[Data records]

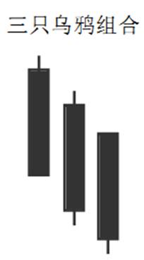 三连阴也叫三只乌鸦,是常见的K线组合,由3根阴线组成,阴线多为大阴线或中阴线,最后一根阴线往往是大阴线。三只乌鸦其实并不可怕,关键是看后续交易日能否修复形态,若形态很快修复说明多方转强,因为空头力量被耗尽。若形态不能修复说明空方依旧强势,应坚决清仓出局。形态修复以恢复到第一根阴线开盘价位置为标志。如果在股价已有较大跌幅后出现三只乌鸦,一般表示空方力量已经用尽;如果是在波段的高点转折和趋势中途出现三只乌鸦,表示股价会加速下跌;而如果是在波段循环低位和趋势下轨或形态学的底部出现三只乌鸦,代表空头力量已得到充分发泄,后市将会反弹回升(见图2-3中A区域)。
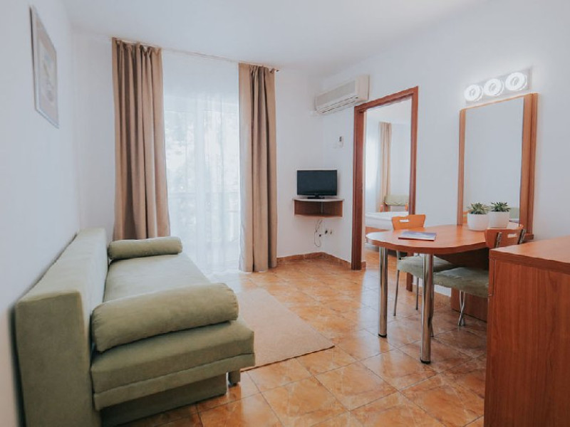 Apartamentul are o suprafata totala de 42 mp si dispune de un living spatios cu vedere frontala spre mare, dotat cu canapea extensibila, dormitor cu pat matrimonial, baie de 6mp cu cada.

[/Data records]
[Data records]

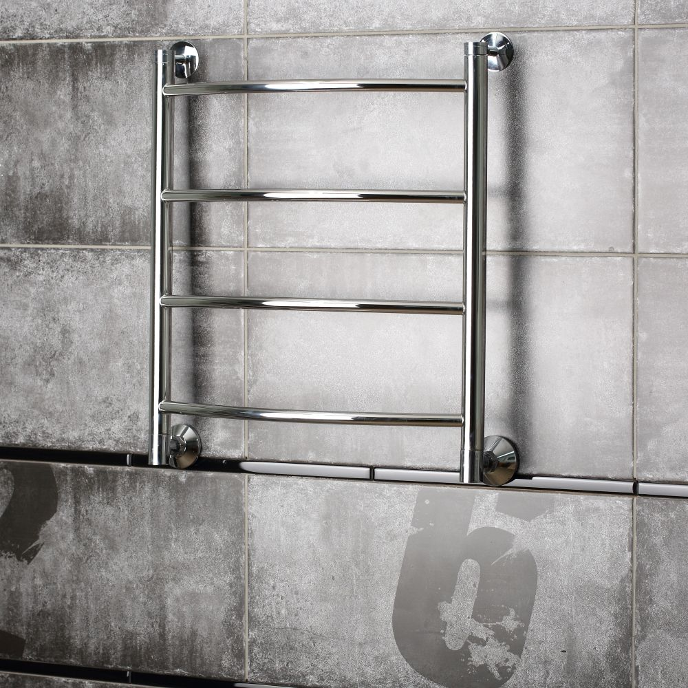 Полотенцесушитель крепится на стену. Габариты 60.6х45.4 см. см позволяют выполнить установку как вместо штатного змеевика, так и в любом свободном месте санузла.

[/Data records]
[Data records]

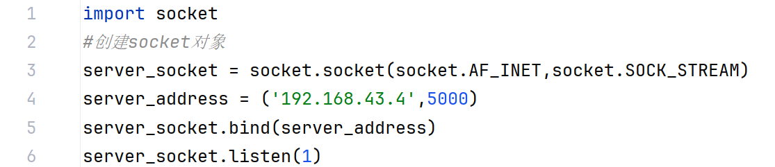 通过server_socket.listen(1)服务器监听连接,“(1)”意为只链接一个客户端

[/Data records]

Exercise: Would you output the lines above from the line holding "三连阴也叫三只乌鸦,是常见的" up to and including the line holding "Apartamentul are o", exactly and only those, with no pictures?

Written response:
 三连阴也叫三只乌鸦,是常见的K线组合,由3根阴线组成,阴线多为大阴线或中阴线,最后一根阴线往往是大阴线。三只乌鸦其实并不可怕,关键是看后续交易日能否修复形态,若形态很快修复说明多方转强,因为空头力量被耗尽。若形态不能修复说明空方依旧强势,应坚决清仓出局。形态修复以恢复到第一根阴线开盘价位置为标志。如果在股价已有较大跌幅后出现三只乌鸦,一般表示空方力量已经用尽;如果是在波段的高点转折和趋势中途出现三只乌鸦,表示股价会加速下跌;而如果是在波段循环低位和趋势下轨或形态学的底部出现三只乌鸦,代表空头力量已得到充分发泄,后市将会反弹回升(见图2-3中A区域)。
 Apartamentul are o suprafata totala de 42 mp si dispune de un living spatios cu vedere frontala spre mare, dotat cu canapea extensibila, dormitor cu pat matrimonial, baie de 6mp cu cada.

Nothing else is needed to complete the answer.